Driven by offer and order management, modern airline retailing is transforming how carriers market their services and how passengers experience air travel. At the heart of this transformation is the integration of artificial intelligence (AI), a technology that is not only reshaping the fundamentals of airline bookings but also redefining the possibilities within the travel ecosystem. 

“Offer management, powered by AI, allows airlines to present the right offer to the right customer at the right time,” said Surain Adyanthaya, president of PROS, an AI-powered airline retailing platform. “Instead of a one-size-fits-all approach, airlines can now offer bundles and ancillary services more likely to resonate with each passenger.” 

SkiftX recently sat down with Adyanthaya and Jonas Rauch, principal scientist at PROS, to explore how AI-powered retailing can help airlines drive revenue and profitability while increasing customer satisfaction and loyalty. 

How Ancillaries Enable Customization

According to Skift Research, the airline industry sold a record $118 billion of ancillary products in 2023, highlighting the growing importance of ancillary revenue streams for airlines. This surge in ancillary sales underscores the increasing demand for customizable travel experiences.

“Travelers want to personalize their travel experiences by selecting seats, meals, in-flight entertainment, and additional services,” Adyanthaya said. “Most travelers now prefer airlines that offer a personalized experience. However, this demand poses challenges for airlines constrained by legacy systems that focus on seats rather than the overall experience. Airlines can adapt to this changing customer preference with updated technology stacks that enable offer and order frameworks.” 

Offer and order frameworks enable airlines to personalize and dynamically adjust their service offerings based on individual customer data. This approach not only enhances the travel experience by aligning with passenger preferences and behaviors but also allows airlines to optimize revenue through targeted ancillary sales. By leveraging real-time context and historical insights, airlines can deliver more relevant pricing and more relevant products, creating highly relevant and appealing packages that improve customer satisfaction and loyalty.

The Importance of Pricing Transparency 

Meeting traveler expectations is not only about providing the right offers at the right time — it’s also about delivering transparent pricing.
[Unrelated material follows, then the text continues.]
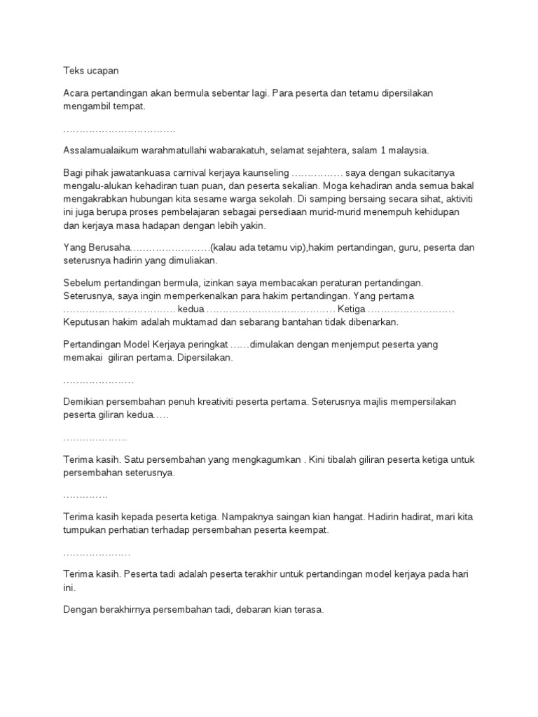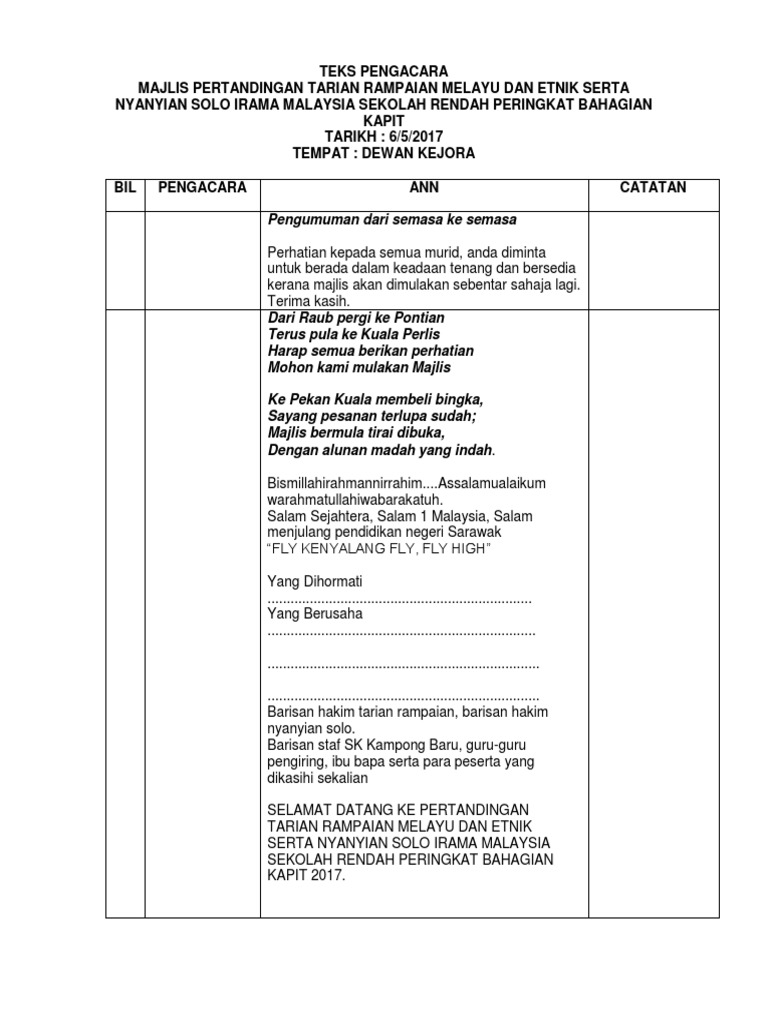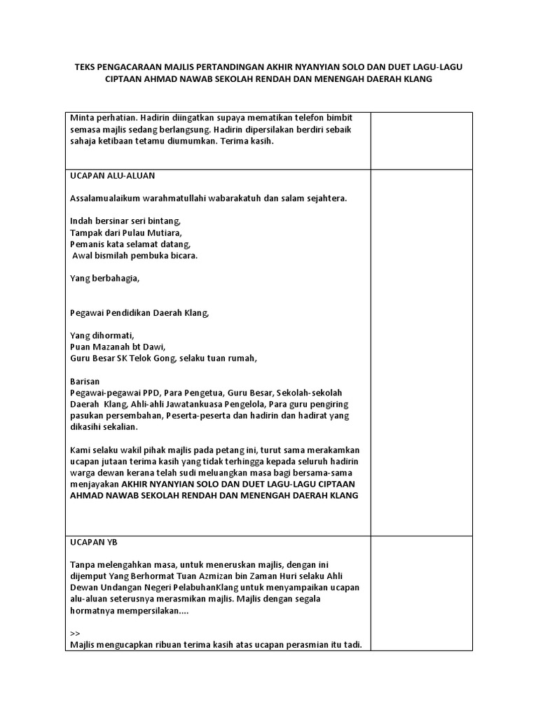 Teks Pengacaraan Majlis Pertandingan Akhir Nyanyian Solo Dan Duet Lagu Pdf

With the unbundling of services like baggage, seat selection, and in-flight amenities, airlines must ensure their pricing is clear and straightforward and avoid surprising customers with hidden fees or unexpected costs at checkout. 

“Transparent pricing builds trust with travelers, who expect a clear and comprehensive breakdown of costs to make informed decisions without hidden fees,” Adyanthaya said. “A survey by IATA revealed that 74 percent of travelers consider transparency in ticket pricing an important factor in trusting and choosing an airline. This need for pricing transparency is also being recognized by governments — many of which increasingly require the elimination of junk fees — a positive trend that is likely to continue globally.”

In addition, AI-driven platforms like PROS automate complex pricing rules, significantly reducing the manual intervention required. This not only streamlines operations but also minimizes pricing errors, leading to optimal revenue generation and better resource allocation. 

“With automated pricing rules, airlines can ensure that their teams focus on strategic tasks rather than getting bogged down with manual processes,” Adyanthaya said. 

The Transformative Role of AI

By analyzing vast amounts of data, AI can predict customer preferences and behavior, allowing airlines to tailor offers and services to individual needs. This personalization extends beyond seat selection and meal preferences — it also includes dynamic pricing, which optimizes both the composition of offers and the pricing of ancillary services like seat reservations. 

“Several factors influence dynamic pricing, including the limited availability of certain services,” Rauch said. “For example, dynamically pricing high-demand exit row seats ensures those who value them most can access them, which helps airlines use their resources more efficiently and increase revenue. It also benefits customers by allocating premium seats to those who need them most. If the airlines gave away these seats for free, someone who doesn’t need them might get them, while a very tall person, who would benefit significantly from the extra legroom, might not.” 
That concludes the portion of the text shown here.